Es soll sogar schnelle Tanzsätze von Bach in Fugenform geben, wer hätte das gedacht...
Da müssen sie damals ja ganz wilde Techno-Moves gehabt haben, um bei den heute gespielten Fugen mithalten zu können
 
Es ist
In den Berichten über ihn heißt es, dass man kaum oder gar keine Bewegung in seinen Händen beim Spielen beobachten konnte.
Das spricht für eine sehr gute und ökonomische Technik. Wobei ein moderner Konzertflügel eine ganz andere Spieltechnik erfordert als ein Cembalo oder gar Clavichord. Körperlich anstrengend muss das dennoch nicht sein - jedenfalls nicht bei Bach, Mozart und Beethoven. Physisch herausfordernd wird erst die große Konzertliteratur der Romantik - Liszts Tannhäuser-Paraphrase wird kaum jemand zweimal nacheinander aufführen wollen. Aber sowas wie die Monscheinsonate kann man auch im hohen Tempo 10 mal nacheinander spielen, ohne physisch zu ermüden.

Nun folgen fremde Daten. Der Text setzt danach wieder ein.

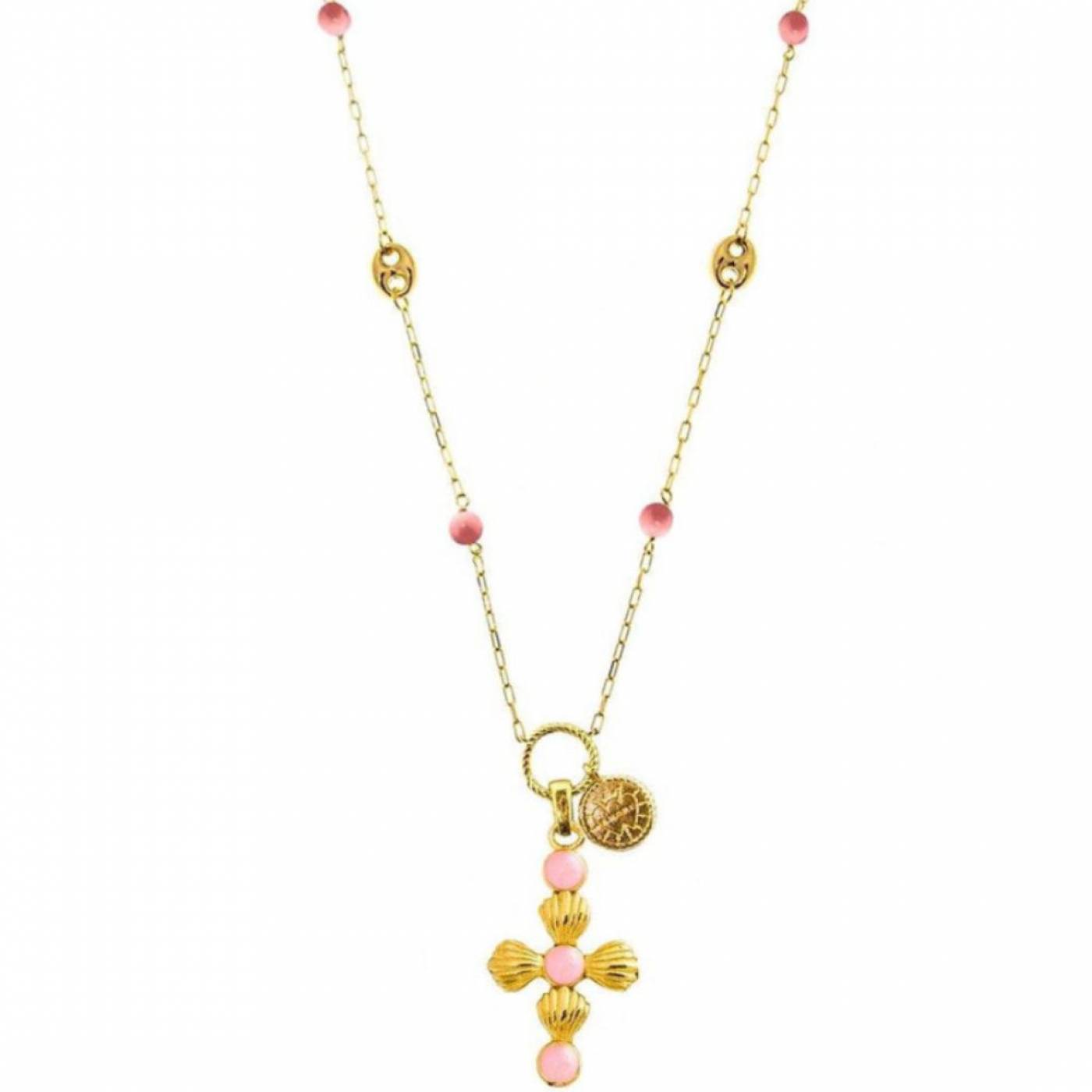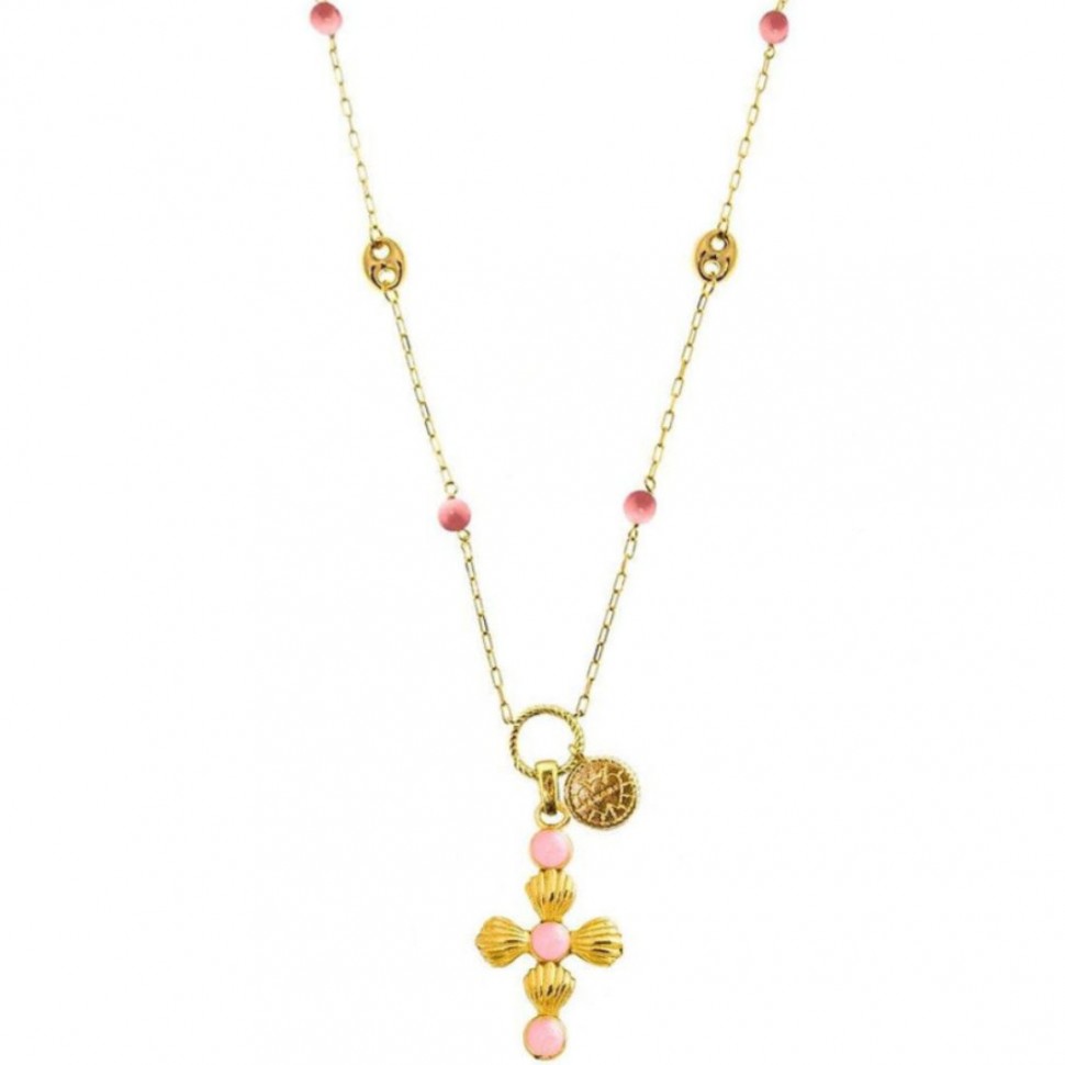 Collana donna, lunga 55 cm, Rue Des Mille. In argento 925 bagnato oro giallo 18 Kt e smalto.

Da müssen sie damals ja ganz wilde Techno-Moves gehabt haben, um bei den heute gespielten Fugen mithalten zu können

Nö. Schnelle Noten bedeuten ja nicht zwangsweise auch schnelle Tanzbewegungen, ganz besonders nicht in ternären Sätzen.
 
Ich glaube es bringt nicht viel über dieses Thema hier zu diskutieren. Letztlich hat jeder sein eigenen Geschmack, den er für richtig hält. Mir gefallen ältere Aufnahmen besser als moderne, wobei die Qualität und Mühe der Netherlands Bach Society nicht abzustreiten ist.
Aber die Spielgeschwindigkeit hat allein in den letzten Jahrzehnten stark zugenommen. Hier wären einige Beispiele von Albert Schweitzer, der in seiner Bach Biografie bereits sagte, dass vor allem die Dur-Stücke zu schnell gespielt werden.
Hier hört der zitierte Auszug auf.